TRANSPORT - Le rapport sur l’accident du 2 août 2005 sera dévoilé mercredi…

On en sait plus sur les raisons de la sortie de piste spectaculaire d'un A340 d'Air France, le 2 août 2005 à Toronto. Dans un communiqué annonçant la publication mercredi, à 16h (françaises) de son rapport sur l’accident, le Bureau de la sécurité des transports du Canada (BST) semble mettre en cause les réactions de l'équipage, en plus des intempéries.

Météo mauvaise et réactions lentes

Selon l’enquête, la sortie de piste est due à la météo, la vitesse et une activation tardive des inverseurs de poussée. Le BST rappelle que l'avion a effectué son approche alors qu'un «orage violent sévissait et que les conditions changeaient rapidement, avec des sauts de vent et une visibilité réduite».

L'appareil s'est «présenté trop haut, à une vitesse trop élevée et ses roues ont touché le sol à environ la moitié de la piste d'atterrissage de 9.000 pieds (2,7 kilomètres)», ajoute-t-il avant de préciser que «la sélection tardive des inverseurs de poussée, la piste mouillée et glissante et le vent de travers expliquent que l'avion ait manqué d'espace» sur la piste.

L'appareil, un Airbus A340 venant de Paris, avait terminé sa course dans un ravin en bout de piste avant de prendre feu, mais ses 297 passagers et 12 membres d'équipage avaient pu être évacués en un temps record et ont tous survécu.

Pas de mésentente dans l’équipage

En faisant un premier point en novembre 2005, les enquêteurs canadiens avaient déclaré n'avoir relevé ni anomalie ni défaillance dans le fonctionnement de l'Airbus A340. Leur chef, Réal Levasseur, avait alors relevé que l'équipage avait enclenché les inverseurs de poussée - qui contribuent à freiner l'avion - 12,8 secondes après le toucher des roues. Il avait précisé que l'enquête chercherait à établir les causes de ce «laps de temps».
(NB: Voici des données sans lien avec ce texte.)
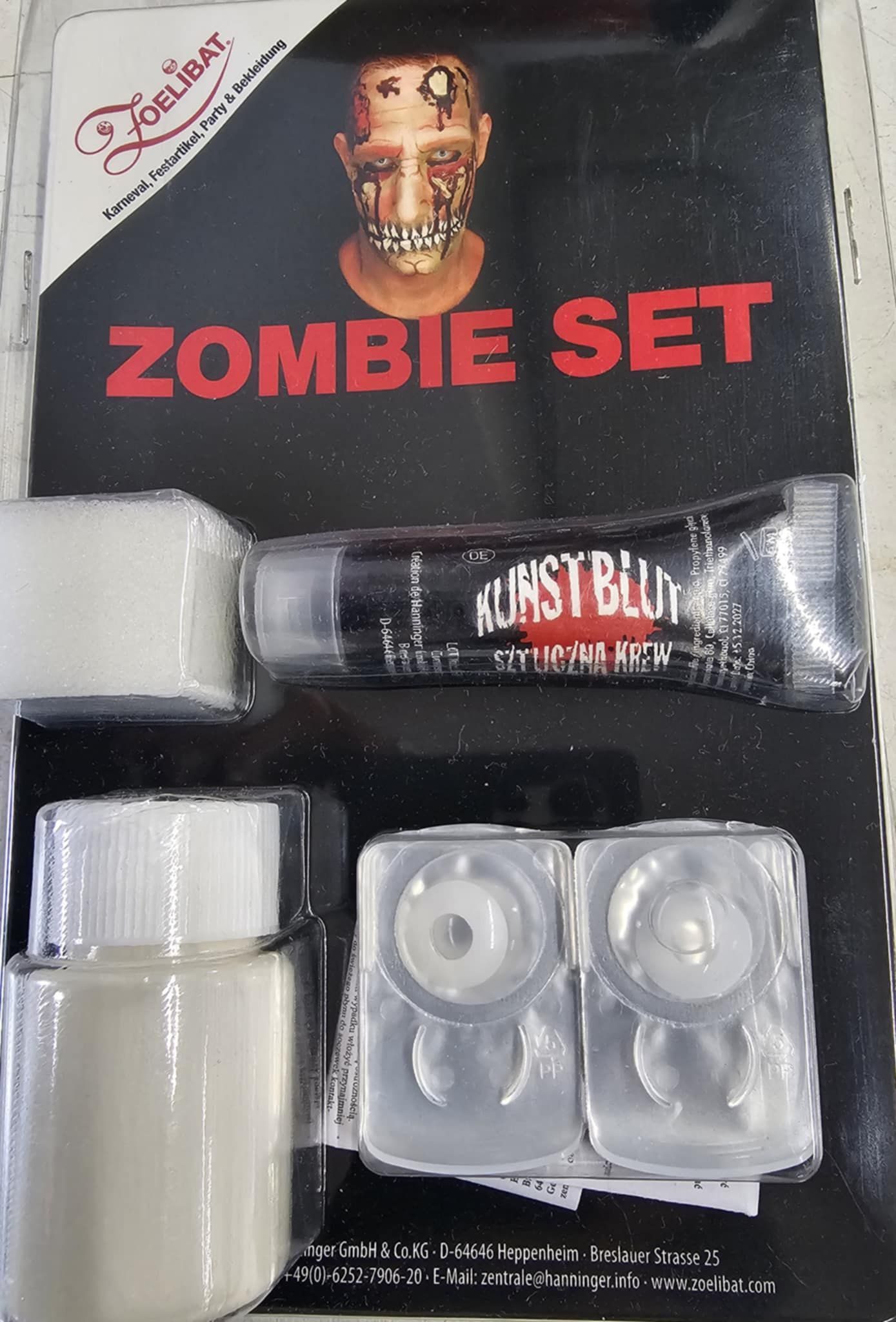 Top Angebot: 4-tlg Zombie Set mit 1 Paar Kontaktlinsen Weiß, 1 x Kunstblut, 1 x Flüssiglatex, 1 x Schwamm. Top Angebotspreis, nur 50 Sets lagernd. 2 x Weiße White Zombie Kontaktlinsen. 1 x 15 ml Kunstblut, Inhaltstoffe: Auqa,Popylene glycol, Polysorbate 80, Cellulose gum. 1 x 28,3 ml Flüssiglatex für Narben, Hautfetzen und Warzen Inhaltstoffe: Rubber Latex, Water,Ceresin wax, Triethanolamine, Ammonia, CI 15850 1 x Schwamm. Fantasy Linsen Halloween Karneval Party oder - egal ob für Events oder den Alltag. Diese Linsen können täglich getragen werden bis zu 12 Stunden. Lieferung: 2 Stück ( 1 Paar ) weiche Linsen 14,5 mm Radius 8,6 mm. Material Linsen: 58% Polyhema, 42% H2O in gepuffter Kochsalzlösung. Mehr Informationen auf dem Beipackzettel. Behälter 100% Kunststoff. Achtung ! Dies ist kein Spielzeug. Geeignet ab 18 Jahren. Es handelt sich bei dem Artikel um ein Hygieneprodukt - daher Rückgabe nur ungeöffnet möglich. Die Kontaktlinsen sind für den Straßenverkehr nicht geeignet. Für Kinder unzugänglich aufbewahren. Die Linsen sind Steril verpackt bist zum ersten Öffnen. Für Halloween Fasching, Karneval, Mottoparty Weihnachten und andere Gelegenheiten.

Il avait aussi fermement démenti des informations du «Figaro», qui avait évoqué, fin 2005, la possibilité d'une mésentente entre les membres de l'équipage au moment de l'atterrissage.

Un quotidien canadien, «The National Post», avait d'autre part révélé au début 2006 qu'une personne n'appartenant pas à l'équipage se trouvait dans le cockpit au moment de l'atterrissage, tout en soulignant que cela n'avait pas eu d'incidence sur l'accident.

Plainte collective

Après l'accident, des experts ont aussi mis en cause la longueur, insuffisante selon eux, de la piste de l'aéroport de Toronto et le fait qu'elle soit bordée par un ravin dans lequel l'avion a basculé. Une plainte collective, à laquelle se sont joints des passagers blessés ou estimant avoir subi un important préjudice, a été déposée au Canada peu après l'accident. Elle vise notamment Air France, l'aéroport de Toronto et l'entreprise exploitant le service de navigation aérienne, NAV Canada.